Thats funny.... GB3 told me he was going hunting, not computer fixing. :roll:


----------



## GooseBuster3 (Mar 1, 2002)

:lol:


----------



## TWEET SD (May 11, 2005)

careful man. he's emotional


----------



## honkbuster3 (Jan 11, 2006)

wooduck26 said:


> YES! There will be birds but you MIGHT have look for them


 I think WD hit the nail on the head . You will be fine. Don't worry :roll:


----------



## PJ (Oct 1, 2002)

Sand Lake dawg.

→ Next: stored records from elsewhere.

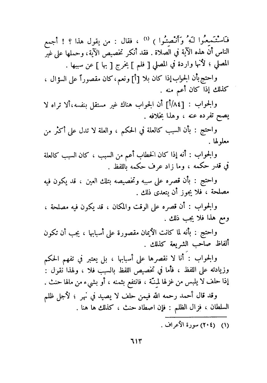فَاسْتَمِعُوا لَهُ وَأَنصِتُوا} 1، فقال: من يقول هذا؟! أجمع الناس أن هذه الآية في الصلاة. فقد أنكر تخصيص الآية، وحملها على غير المصلي؛ لأنها واردة في المصلي؛ [فلم] يخرج [بها] عن سببها.
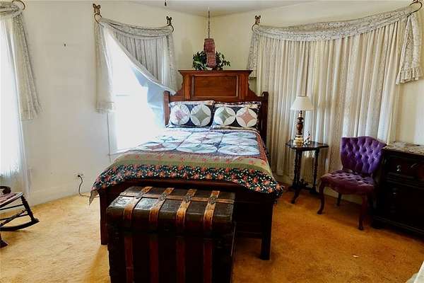 The first floor includes two bedrooms. The smaller bedroom, had been used as an office, is conveniently located off the dining area. The second bedroom is more spacious and offers ample closet space. Upstairs, the versatile second-story space is currently used as a third bedroom but offers endless possibilities -- guest quarters, game room, hobby space, or office area.
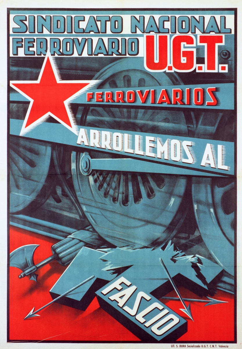 Cartel de guerra del Sindicato Nacional Ferroviario. UGT. Ferroviarios arrollemos al fascio
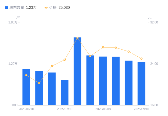 近一年(2024年9月10日至2025年9月10日),聚杰微纤A股股东户数从9550户,增加至1.23万户,增幅28.41%,区间股价上涨143.72%。
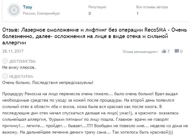 Следующий участник подчеркивает высокую эффективность процедуры и болезненность ее проведения, несмотря на заверения косметологов об отсутствии необходимости в анестезии.
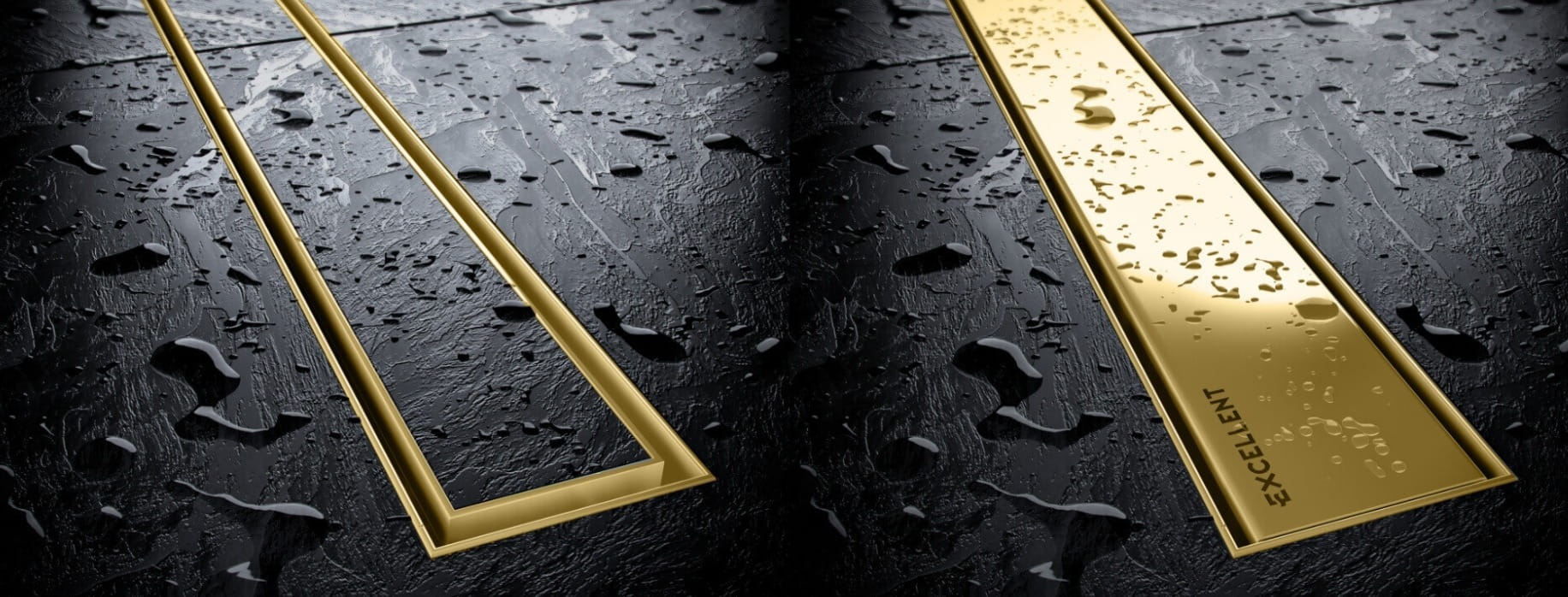 Odpływ liniowy Stilio Gold łączy w sobie minimalizm i praktyczność użytkową. Wykonany został z wysokiej jakości stali nierdzewnej, pokrytej powłoką PVD w kolorze złotym. Odpływ posiada wygodną regulację nóżek w pionie i w poziomie w zakresie do 30mm. Szeroki wybór dostępnych rozmiarów odpływów i wersji rusztu daje możliwość dostosowania do wielkości kabiny oraz wymiarów płytek, co znacznie ułatwia planowanie układu już na etapie projektowania. Produkt polecany jest do instalacji wraz z kabinami Excellent typu walk-in: Fabrika lub Vidoq.
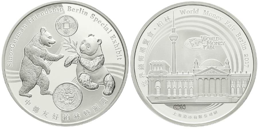 2017年世界钱币展览会·柏林——中德友好特别展银质纪念熊猫,重量16克,成色99.9%,精製镜面,发行量300枚,NGC PF70 ULTRA CAMEO
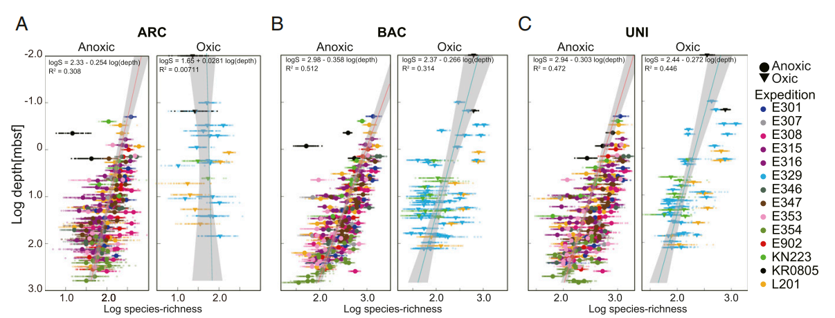 圖7 含氧海洋沉積物和缺氧海洋沉積物中微生物豐富度的深度分布。

The geese will probably go feed in Nodak though.


----------



## not for hire goose guide (Feb 21, 2006)

check out this snow line map http://www.nohrsc.nws.gov/nsa/ gives you a pretty good look at the snow line in north dakota as it looks south dakota on these maps dont have any snow on the ground good luck


----------



## JUST GOOSEY (Mar 6, 2006)

Heading out early next week, Bumped the trip up by a week or so.


----------



## H2O_Tech (Jun 21, 2004)

Just Goofey...if you don't give a full report after your hunt, may the lice of a 1000 snow geese infest your private regions.


----------



## Snowhunter07 (Feb 21, 2006)

lol i liked the word choice H20


----------



## BandHunter (Dec 17, 2003)

Ohh my god that is classic!! That is the funniest thing i have ever heard...Keep it up!
Bandunter


----------



## goosedropper06 (Mar 8, 2006)

goin to sodak on the 19th ish. was plannin on huntin around sand lake. think the birds will be there yet? or am i gonna have to aim further south?


----------